This work reports the results of a numerical investigation aiming at assessing the structural safety of an actual offshore topside steel structure exposed to accidental localised fire conditions. Particularly, the paper explores the nonlinear thermomechanical and ultimate strength behaviours obtained by means of two fire approaches: sophisticated CFD (Computational Fluid Dynamics) and “LF-ESF” (Localised Fire with Ellipsoidal Solid Flame), previously developed and validated by the authors. CFD-based approaches, which typically solve nearly compressible flow with input energy given by a combustion model, allow accurate evaluation of a fluid-thermo response for the entire duration of the simulated accident. However, the analysis complexity, massive amount of produced data, excessive computational and time-consuming make CFD approaches unsuitable for the current applied design usage. On the other hand, the proposed LF-ESF approach displays quite accurate estimates in comparison to CFD counterparts. Moreover, the LF-ESF can be directly modelled in FE-based commercial software and used to obtain the steel temperature variation and thermomechanical behaviour. The obtained results indicate that the LF-ESF approach combined with FE-based models can provide reliable fire-safety analyses, ensuring that the main safety (load-bearing) functions of the offshore steel structures are not impaired during accidental fire conditions.
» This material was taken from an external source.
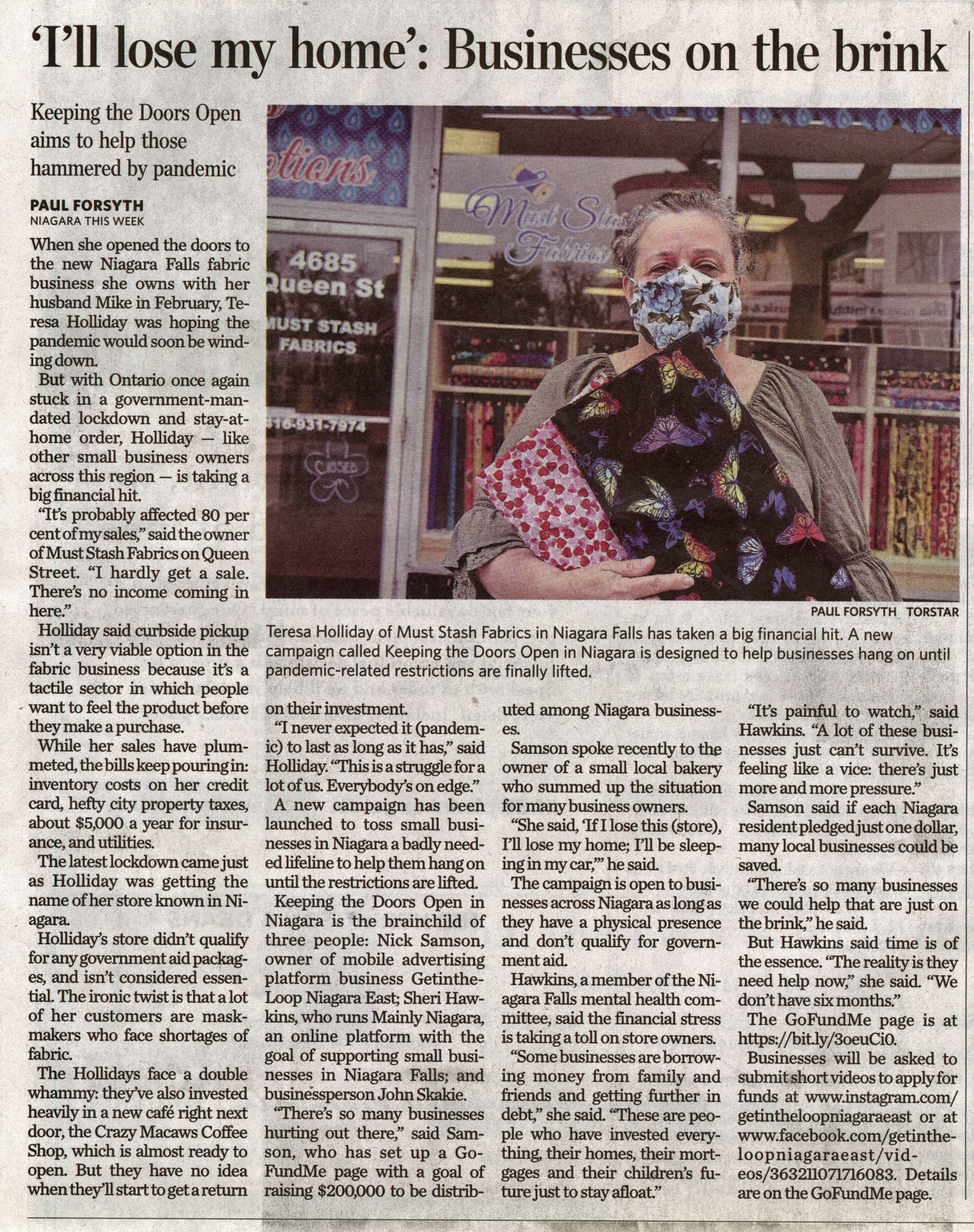 - 'I'll lose my home' : Businesses on the brink : Keeping the Doors Open aims to help those hammered by pandemic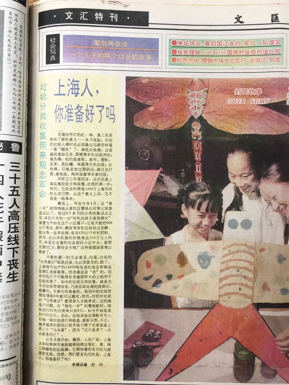 1996年8月17日《文匯報(bào)》文匯特刊版面刊載“垃圾分類收集帶來(lái)觀念革命 上海人,你準(zhǔn)備好了嗎?”

这项工作报告了一项数值研究的结果，旨在评估暴露于意外局部火灾条件下的实际海上顶层钢结构的结构安全性。特别是，本文探讨了由两种火焰方法获得的非线性热力学和极限强度行为：复杂的CFD（计算流体力学）和“ LF-ESF”（椭圆形固体火焰局部火焰），这是作者先前开发和验证的。基于CFD的方法通常使用燃烧模型提供的输入能量来解决几乎可压缩的流动，从而可以在模拟事故的整个过程中准确评估流体热响应。但是，分析的复杂性，产生的大量数据，过多的计算和费时的操作使CFD方法不适合当前的应用设计使用。另一方面，与CFD相比，拟议的LF-ESF方法显示出非常准确的估算值。此外，LF-ESF可以直接在基于FE的商业软件中建模，并用于获得钢的温度变化和热机械行为。所得结果表明，LF-ESF方法与基于FE的模型相结合可以提供可靠的火灾安全性分析，从而确保在意外火灾情况下不损害海上钢结构的主要安全性（承重）功能。LF-ESF可以直接在基于FE的商业软件中建模，并用于获得钢的温度变化和热机械性能。所得结果表明，LF-ESF方法与基于FE的模型相结合可以提供可靠的火灾安全性分析，从而确保在意外火灾情况下不损害海上钢结构的主要安全性（承重）功能。LF-ESF可以直接在基于FE的商业软件中建模，并用于获得钢的温度变化和热机械性能。所得结果表明，LF-ESF方法与基于FE的模型相结合可以提供可靠的火灾安全性分析，从而确保在意外火灾情况下不损害海上钢结构的主要安全性（承重）功能。